Archivi di Luglio 2010

Onde sismiche nel settore editoriale

| | TrackBack (0)
Gli osservatori più attenti hanno registrato due movimenti alla superficie del settore editoriale americano, che preoccupano fortemente le case editrici tradizionali:
  • il 19 luglio Amazon ha annunciato che negli ultimi tre mesi per ogni 100 libri rilegati (hardcovers) sono stati venduti 143 ebook, i cosiddetti Kindle books; rispetto alla prima metà dell'anno precedente, il volume delle vendite è triplicato
  • Sul «Corriere della sera» del 23 luglio, sotto il titolo "E ora l'ebook aggira gli editori", si riporta la notizia che Andrew Wylie, uno dei più potenti agenti letterari americani, ha deciso di vendere come Kindle books (al costo di 9,99 dollari) venti classici della letteratura moderna, tra cui Il lamento di Portnoy di Philip Roth, Lolita di Vladimir Nabokov, Finzioni di Jorge Luis Borges e Il nudo e il morto di Norman Mailer
Nel primo caso il confronto non si gioca alla pari per una questione di "pesantezza" e di prezzo: un hardcover, notoriamente, è un libro impegnativo, di saggistica o di letteratura, rivolto a fasce di lettori selezionati; l'ebook si libra più lievemente sullo schermo, animato dall'inchiostro elettronico dello strumento Kindle. Il confronto andrebbe fatto con le edizioni paperback e con quelle economiche, con un risultato probabilmente diverso.

wylie.jpg Nel secondo caso la partita è più complessa e non ancora conclusa: Wylie (nella foto a destra), conosciuto dagli addetti ai lavori con soprannomi quali lo "squalo", la "volpe" e addirittura lo "sciacallo", vuole ridiscutere le royalties riconosciute ai suoi autori per le edizioni digitali. In questa prospettiva ha fondato una casa editrice, la Odissey Editions, ha poi rotto gli accordi con i proprietari dei diritti (in particolare con la Random House, colosso americano appartenente al mega gruppo di origine tedesca Bertelsmann) e si è accordato in primo luogo con Amazon, pensando in prospettiva ad Apple e a Google.

La risposta degli editori non è tardata ad arrivare: la Random House ha chiesto formalmente a Wylie di interrompere l'iniziativa, pena la citazione in tribunale con l'accusa di vendita illegale; i titoli offerti appartengono al catalogo della casa editrice, anche se sul contratto originario con gli autori non si faceva menzione dell'edizione elettronica, né tanto meno di ebook.

In questo secondo caso la posta in gioco non è soltanto una questione giuridica o di principio.

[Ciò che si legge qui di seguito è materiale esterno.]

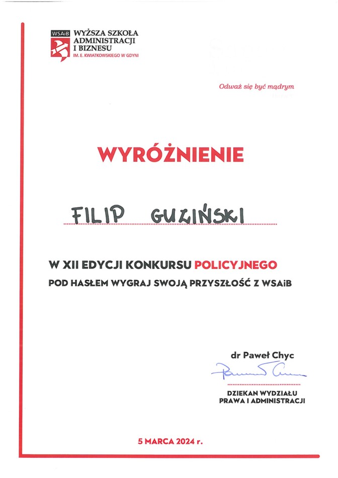 To już XII edycja Olimpiady Policyjnej organizowanej przez Wyższą Szkołę Administracji i Biznesu w Gdyni. Konkurs objął patronatem Pomorski Kurator Oświaty, a fundatorem nagród Komenda Miejska Policji w Gdyni.
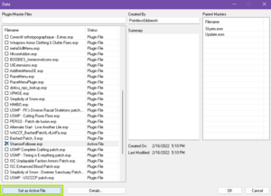 - Les ressources : un ensemble de fichiers permettant au mod d'utiliser des ressources extérieures. Ce sont les meshes (fichiers NIF), les textures (fichiers DDS), les scripts (fichiers PEX) et les animations (fichiers HKX). Les meshes ont besoin d'être convertis ; il est recommandé de convertir également les textures dans un format plus adapté à SSE, à savoir le BC7. Ces ressources sont parfois contenues dans une archive BSA qui doit également être refaite : un BSA Oldrim fera planter SSE !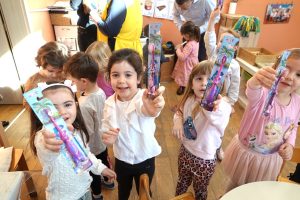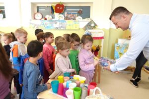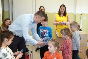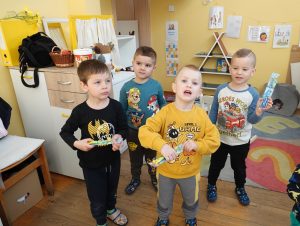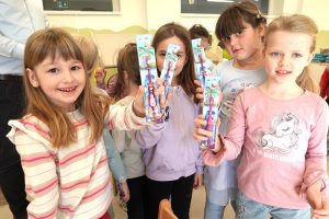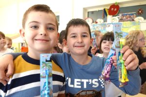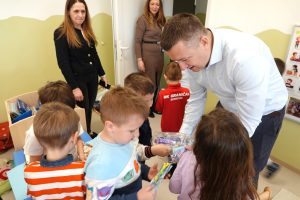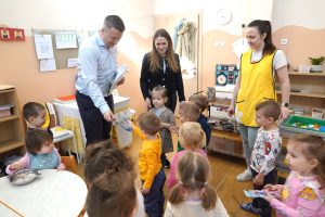 Djeca su s oduševljenjem birala oblik i boju četkice te pojasnila gradonačelniku kako se peru zubići, nakon čega su brižno nove četkice pospremili u svoje ormariće.

Si tratta di determinare quanto rimane all'autore (e all'agente che lo rappresenta) dei ricavi della vendita di un libro Kindle o di uno iPad, dopo aver sottratto la percentuale della libreria virtuale (più o meno contenuta a seconda dei casi) e quella della casa editrice: un 10-20% o una cifra differente? E ancora: i diritti sulle vendite di ebook – che hanno costi di produzione e di distribuzione molto più contenuti di quelli dei volumi cartacei – sono assimilabili ai diritti sulla produzione tradizionale o possono levitare decisamente verso l'alto, anche oltre il 50%? Le domande rimangono ancora aperte a soluzioni differenti.

Su questo archivio

Questa pagina contiene l'archivio dei post del mese di Luglio2010 dal più recente al più vecchio.

Giugno 2010 è l'archivio precedente.

Agosto 2010 è l'archivio successivo.

Trova i contenuti recenti nella home page o guarda negli archivi per trovare tutti i contenuti.

Login


Come registrarsi?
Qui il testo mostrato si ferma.